* EXERCISE DESCRIPTION
In the material below, find the line with "Funda de Cuero" and the line with "Funda para Teléfono", then output both and every line between them exactly, omitting pictures.

* EXTRACTED MATERIAL
===============
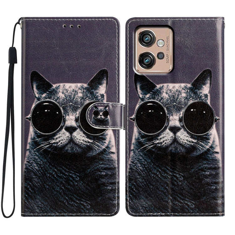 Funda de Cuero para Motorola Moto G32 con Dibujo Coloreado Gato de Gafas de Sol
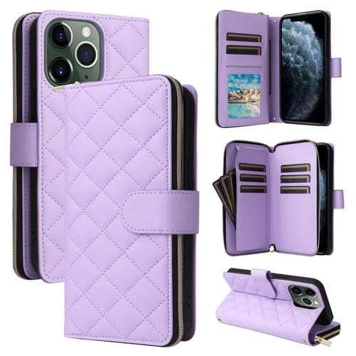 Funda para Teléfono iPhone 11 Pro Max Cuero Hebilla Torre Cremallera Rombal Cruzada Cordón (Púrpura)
===============
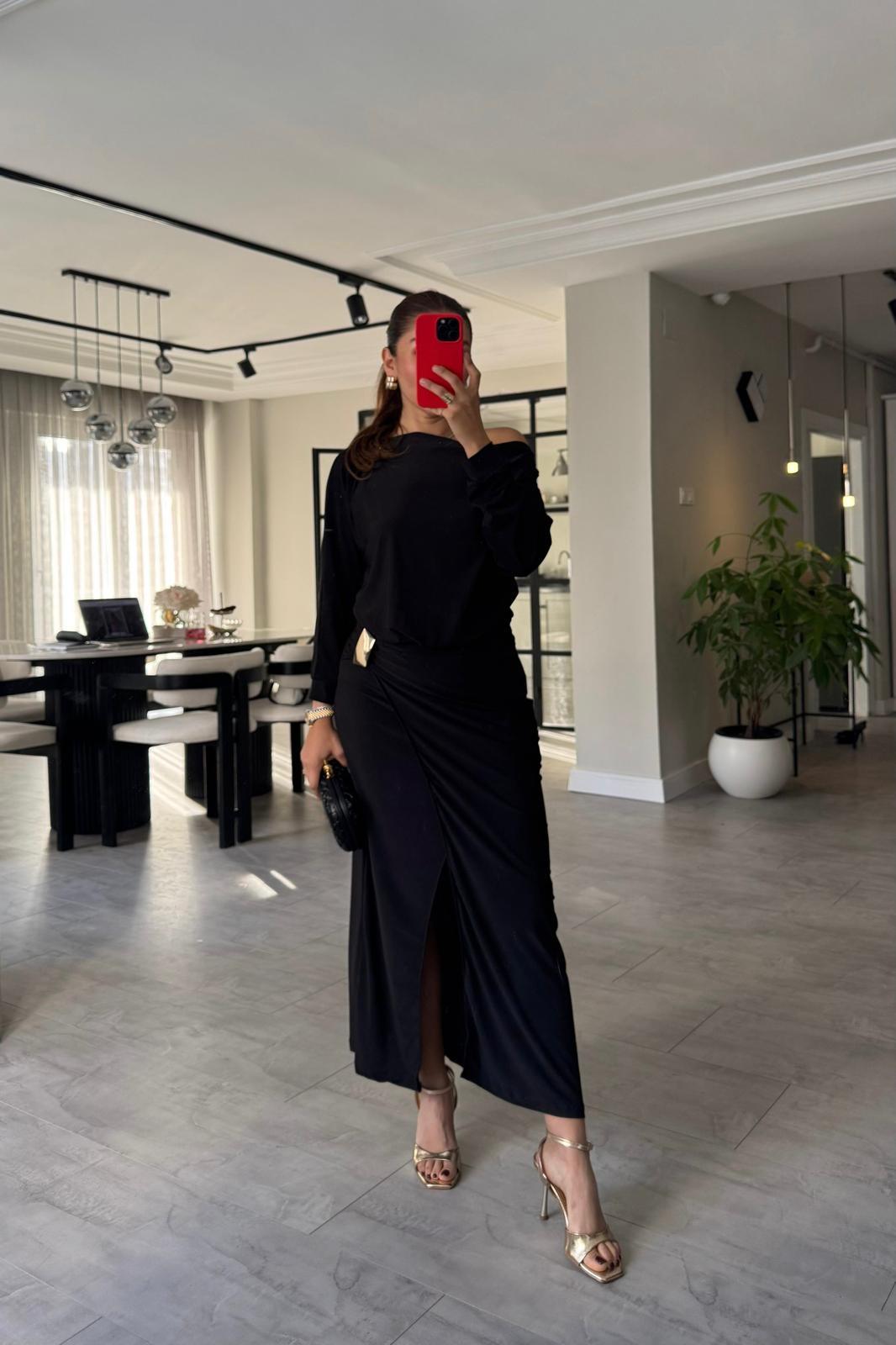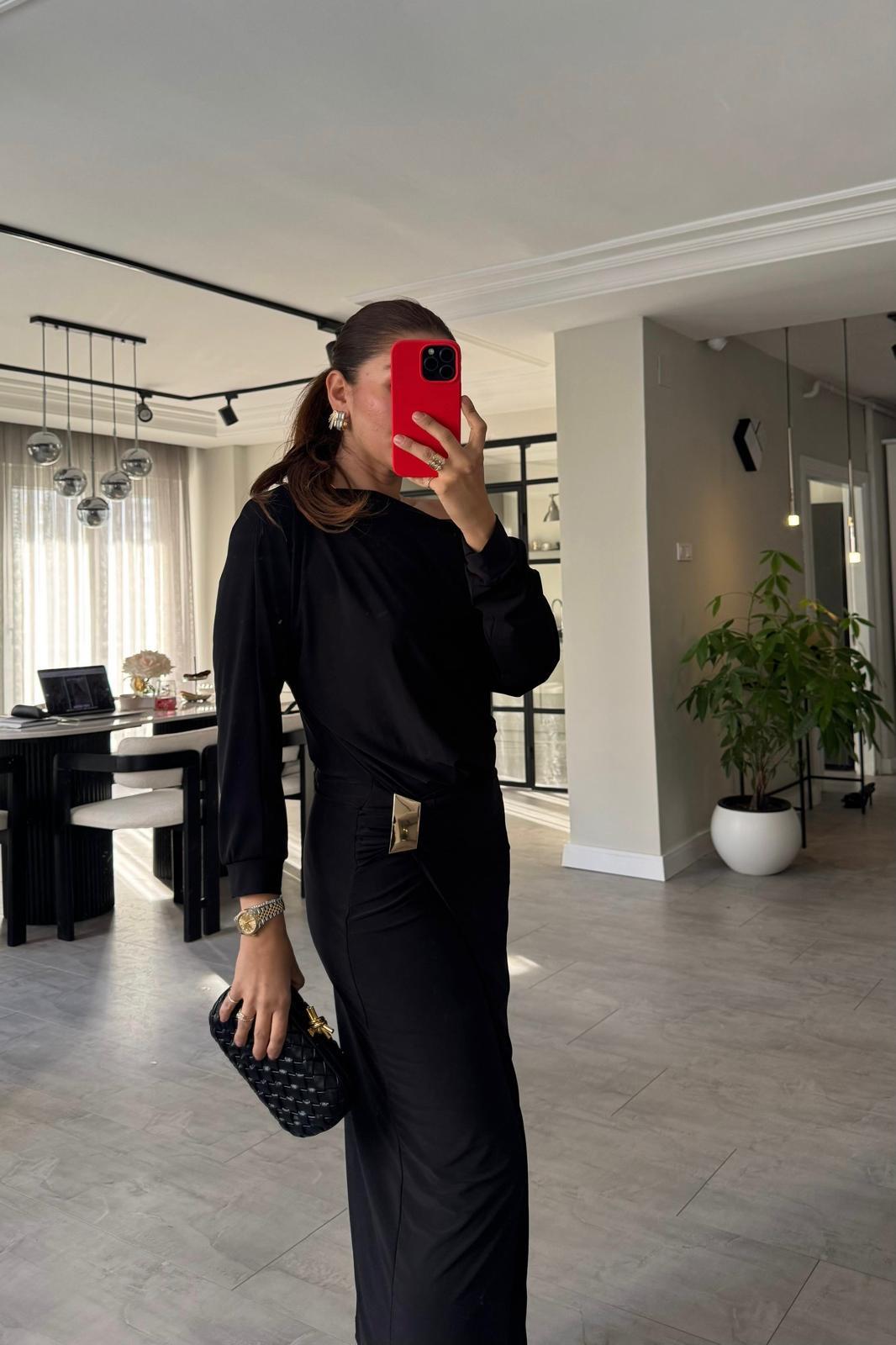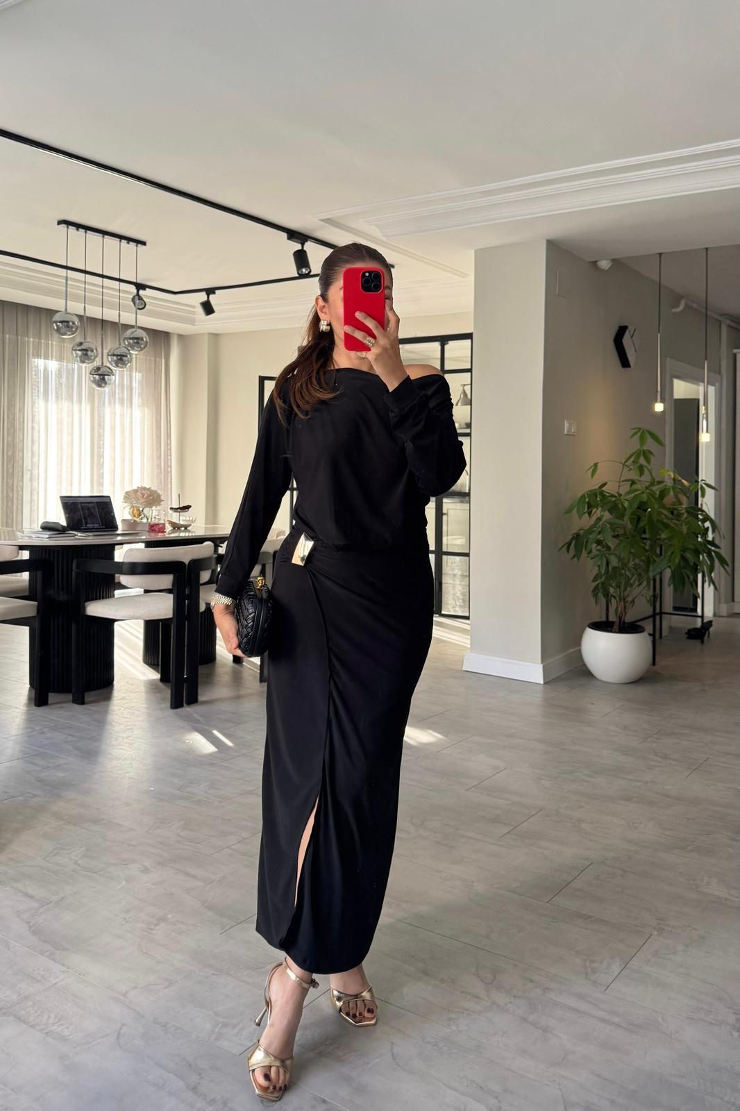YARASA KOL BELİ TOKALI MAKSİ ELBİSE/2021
===============
* TASK RESPONSE
 Funda de Cuero para Motorola Moto G32 con Dibujo Coloreado Gato de Gafas de Sol
 Funda para Teléfono iPhone 11 Pro Max Cuero Hebilla Torre Cremallera Rombal Cruzada Cordón (Púrpura)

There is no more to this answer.